If plaintiff were seeking payment on CDs that did not renew automatically, the presumption of payment would make sense since it "is founded upon the ground that a person naturally desires to possess and enjoy his own" (Bean v Tonnele, 94 NY 381, 386 [1884]). However, plaintiff seeks payment on an IRA, not a CD, and the CDs within the IRA renewed automatically.
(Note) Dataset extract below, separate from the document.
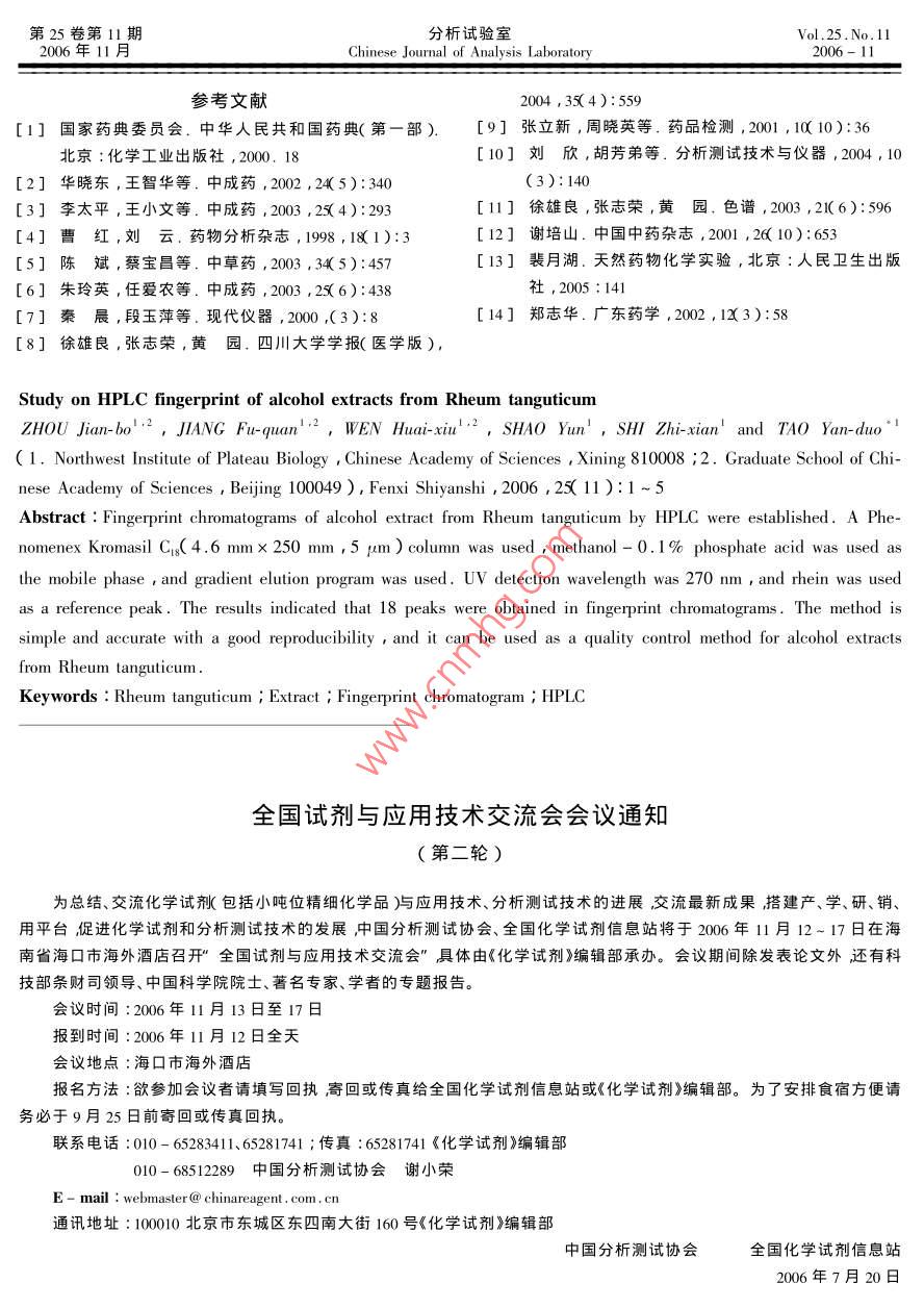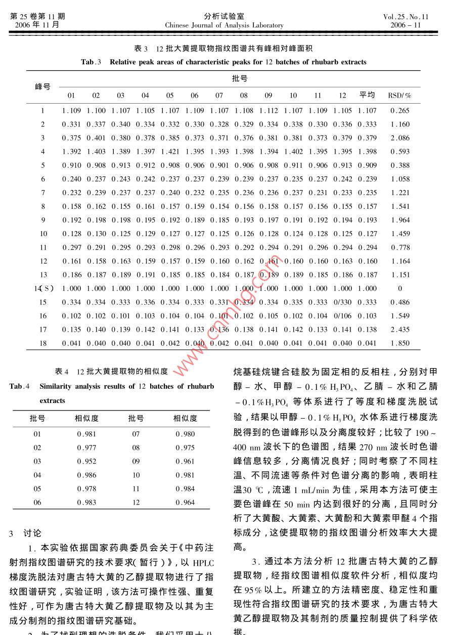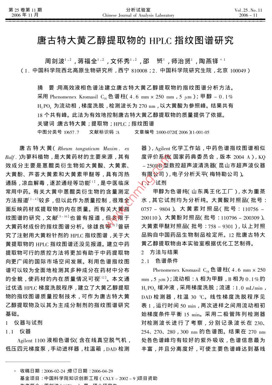 唐古特大黄乙醇提取物的HPLC指纹图谱研究

An IRA is a way to save for retirement (see Rousey v Jacoway, 544 US 320, 331-332 [2005]). "Withdrawals made before the accountholder turns 59½ are, with limited exceptions, subject to a 10-percent tax penalty" (id. at 323; see also id. at 327). Accountholders are also encouraged to wait to withdraw funds because "[t]he later withdrawal occurs, the longer the taxes on the amounts are deferred" (id. at 332). Given the above characteristics of an IRA, it does not make sense to apply a presumption of payment from the maturity date of each CD within the IRA.
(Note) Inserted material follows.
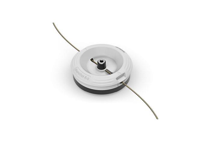 Zweifädiger Fadenmähkopf, für Flächen-und Ausputzarbeiten in zähem Gras. Einfaches Einstecken von bis zu 2 Fadenstücken. Kompatibel zu vielen verschiedenen Mähfadengrößen und -formen.
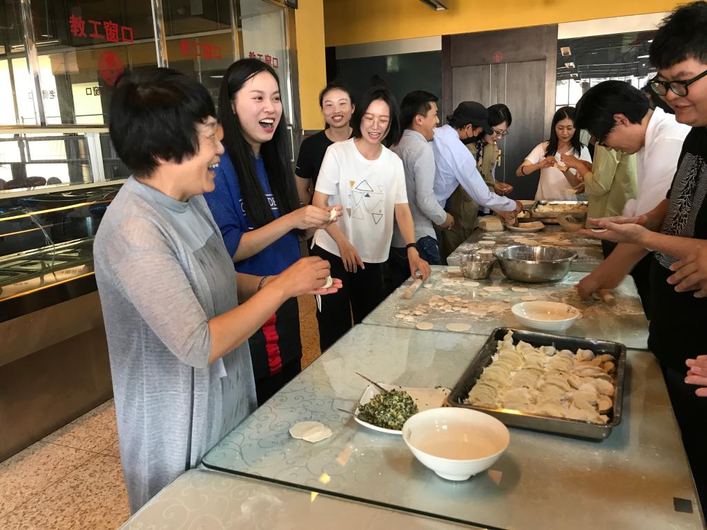 包饺子现场大家分工协作,有人和面,有人拌馅,有人擀皮,有人包褶,大家配合默契,干得热火朝天。因为来自五湖四海,包的饺子也形态不一,大家一边包饺子,一边亲切交谈,欢声笑语不断,处处洋溢着温暖与祥和的气氛,这不仅让新入职人员感受到了买球大家庭的温暖,更让他们切身感受到了学校党委行政的亲切关怀。

It is true that "[t]he Internal Revenue Code . . . permits penalty-free distributions to a beneficiary on the death of the accountholder" (id. at 333), and had plaintiff known about her husband's IRA around the time of his death, it might make sense to apply the presumption of payment from the death date. However, as she explained in her affidavit, she "had no knowledge of [her husband's] IRA when [he] died." Notwithstanding any skepticism regarding plaintiff's claim that she was unaware of the IRA until June 2014, "[i]n determining whether summary judgment is appropriate, the motion court . . . should not pass on issues of credibility" (Dauman Displays v Masturzo, 168 AD2d 204, 205 [1st Dept 1990], lv dismissed 77 NY2d 939 [1991]).
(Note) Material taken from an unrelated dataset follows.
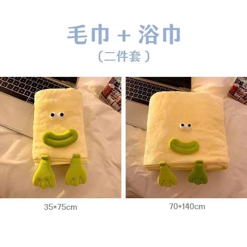 귀여운 못생긴 귀여운 목욕 타월 여성의 물 흡수성 빠른 건조 가정용 머리없는 기숙사 목욕 랩 성인 산호 양털 큰 수건
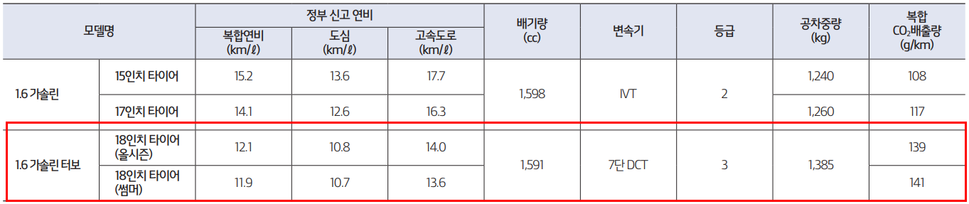 마지막으로 K3 GT 공인연비 및 휠 정보 입니다. 타이어 인치에 따라 약간의 차이가 있으니 연비를 신경 쓰시는 분들은 하단의 이미지를 잘 참고 해주시기 바랍니다.

The motion court also improperly dismissed the complaint based on laches. An IRA is a trust (see Rousey, 544 US at 322), and documents in the record denominate EAB as Mr. Friedfeld's trustee. "A fiduciary is not entitled to rely upon the laches of his beneficiary as a defense, unless he repudiates the relation to the knowledge of the beneficiary" (Matter of Barabash, 31 NY2d 76, 82 [1972] [internal quotation marks omitted]). The earliest that defendant (EAB's successor) can be said to have repudiated the relationship is December 29, 2014, and plaintiff commenced this action less than a year later (see also Olko v Citibank, N.A., 44 AD3d 356 [1st Dept 2007]).
Furthermore, defendant's contention that plaintiff failed to demonstrate entitlement to the alleged CDs because she possessed no admissible evidence, is unavailing. Since it was defendant that moved for summary judgment, it had the burden to "tender sufficient evidence to demonstrate the absence of any material issues of fact" (Vega v Restani Constr. Corp.,18 NY3d 499, 503 [2012] [internal quotation marks and brackets omitted]). In any event, the bank records that plaintiff discovered may be
admissible as business records (see Elkaim v Elkaim, 176 AD2d 116, 117 [1st Dept 1991], appeal dismissed 78 NY2d 1072 [1991]).
THIS CONSTITUTES THE DECISION AND ORDER
OF THE SUPREME COURT, APPELLATE DIVISION, FIRST DEPARTMENT.